Mo., 01.06.2026 , 16:40 Uhr

Grafenwöhr

Abrüsten statt Aufrüsten: Friedensaktivisten demonstrieren in Grafenwöhr

Ein Nationalpark statt Truppenübungsplatz, Abrüstung statt Aufrüstung, Gewaltfreie Konfliktlösung statt Krieg. Bei einer Kundgebung in Grafenwöhr haben Friedensaktivisten weitreichende Forderungen gestellt.

Erst vor vier Wochen sorgte die Nachricht für Schlagzeilen: US-Präsident Donald Trump erwägt, 5.000 Soldaten aus Vilseck abzuziehen. Während diese Aussicht in der Region vielerorts Sorgen auslöst, würde Willi Rester von der Deutschen Friedensgesellschaft einen solchen Schritt begrüßen. Bei der Kundgebung „Keine Mittelstreckenraketen in Grafenwöhr und anderswo!“ forderte er sogar den vollständigen Abzug aller US-Streitkräfte aus Grafenwöhr, Vilseck und Hohenfels. Rester sprach sich dafür aus, den Truppenübungsplatz langfristig in einen Nationalpark umzuwandeln. Als Vorbilder nannte er ehemalige militärisch genutzte Gebiete, die inzwischen als Nationalparks wirtschaftlich erfolgreich seien. Lediglich auf dem Wohnungsmarkt erwartet er Schwierigkeiten. Diese könnten seiner Ansicht nach jedoch durch Konversionshilfen des Freistaats abgefedert werden.

Sorge vor Mittelstreckenraketen

Im Mittelpunkt der Kundgebung stand die mögliche Stationierung von US-Mittelstreckenraketen. Zwar hat US-Präsident Donald Trump entsprechende Pläne für Deutschland gestoppt, die Teilnehmer befürchten jedoch, dass diese Entscheidung künftig wieder rückgängig gemacht werden könnte. Da die in Grafenwöhr stationierte 41. Feldartillerie-Brigade als einzige Einheit in Europa solche Systeme bedienen kann, sehen die Kritiker den Standort als potenzielles Angriffsziel.

Die Redner warfen der Bundesregierung vor, weiterhin an der Stationierung solcher Waffensysteme festhalten zu wollen. Diese Politik schaffe ihrer Ansicht nach Unsicherheit, binde finanzielle Mittel und stärke politische Kräfte an den Rändern.

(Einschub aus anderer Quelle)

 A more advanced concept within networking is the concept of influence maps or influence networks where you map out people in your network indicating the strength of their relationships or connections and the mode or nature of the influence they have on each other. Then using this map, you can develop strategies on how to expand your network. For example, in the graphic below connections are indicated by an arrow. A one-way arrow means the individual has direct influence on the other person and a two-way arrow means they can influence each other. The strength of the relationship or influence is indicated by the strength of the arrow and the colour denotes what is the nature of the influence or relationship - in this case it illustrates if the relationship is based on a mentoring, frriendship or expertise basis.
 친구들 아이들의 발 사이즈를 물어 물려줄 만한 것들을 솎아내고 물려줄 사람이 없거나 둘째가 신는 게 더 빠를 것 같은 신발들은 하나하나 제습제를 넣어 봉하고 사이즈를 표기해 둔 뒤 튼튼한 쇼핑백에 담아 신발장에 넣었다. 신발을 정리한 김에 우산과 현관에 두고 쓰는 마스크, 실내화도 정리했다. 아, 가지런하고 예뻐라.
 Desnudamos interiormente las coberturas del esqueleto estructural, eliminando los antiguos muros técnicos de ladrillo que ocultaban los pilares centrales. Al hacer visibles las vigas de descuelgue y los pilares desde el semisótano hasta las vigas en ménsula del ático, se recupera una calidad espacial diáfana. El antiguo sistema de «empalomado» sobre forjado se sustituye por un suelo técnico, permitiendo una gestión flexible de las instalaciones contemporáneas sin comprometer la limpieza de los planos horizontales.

Soziale Verteidigung statt Aufrüstung

Die Teilnehmer sprachen sich grundsätzlich für Abrüstung aus. Deutschland solle nach ihrer Auffassung auf das Konzept der sogenannten Sozialen Verteidigung setzen. Dabei gehe es darum, Widerstand gegen Angreifer durch zivile Maßnahmen, gesellschaftlichen Zusammenhalt und gewaltfreie Aktionen zu leisten. Als Beispiele wurden historische und internationale Erfahrungen genannt, in denen solche Strategien erfolgreich angewandt worden seien.

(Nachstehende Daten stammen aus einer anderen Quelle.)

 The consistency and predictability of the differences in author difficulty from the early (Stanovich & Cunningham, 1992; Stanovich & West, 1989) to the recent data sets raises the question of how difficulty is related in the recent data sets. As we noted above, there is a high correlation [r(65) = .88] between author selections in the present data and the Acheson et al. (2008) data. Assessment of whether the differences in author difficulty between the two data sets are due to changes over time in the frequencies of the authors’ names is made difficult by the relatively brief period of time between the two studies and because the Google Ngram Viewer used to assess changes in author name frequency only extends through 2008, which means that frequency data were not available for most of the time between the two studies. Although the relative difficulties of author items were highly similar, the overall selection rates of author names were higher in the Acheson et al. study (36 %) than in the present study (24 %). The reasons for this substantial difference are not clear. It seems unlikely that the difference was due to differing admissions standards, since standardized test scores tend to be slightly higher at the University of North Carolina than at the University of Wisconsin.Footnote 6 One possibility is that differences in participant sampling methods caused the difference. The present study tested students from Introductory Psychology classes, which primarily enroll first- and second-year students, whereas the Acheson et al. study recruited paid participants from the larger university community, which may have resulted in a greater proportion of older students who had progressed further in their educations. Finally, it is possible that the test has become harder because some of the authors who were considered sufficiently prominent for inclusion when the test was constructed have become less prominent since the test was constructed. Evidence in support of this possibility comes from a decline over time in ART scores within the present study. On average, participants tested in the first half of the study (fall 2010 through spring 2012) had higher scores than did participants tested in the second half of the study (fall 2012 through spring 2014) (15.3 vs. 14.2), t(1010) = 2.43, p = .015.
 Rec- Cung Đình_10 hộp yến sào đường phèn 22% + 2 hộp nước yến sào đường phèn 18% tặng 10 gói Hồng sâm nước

Zur Einordnung: Friedensforscher sehen die Soziale Verteidigung als mögliche Ergänzung zur Sicherheitsvorsorge. Ob sie militärischen Schutz vollständig ersetzen kann, wird unter Experten jedoch kontrovers diskutiert.

Positive Bilanz der Veranstalter

Die Veranstalter zogen insgesamt ein positives Fazit der Kundgebung. Für einen kurzen Zwischenfall sorgte lediglich eine Gruppe mit Deutschlandflaggen. Da diese bei der Veranstaltung nicht zugelassen waren, wurden die Teilnehmer vom Platz verwiesen.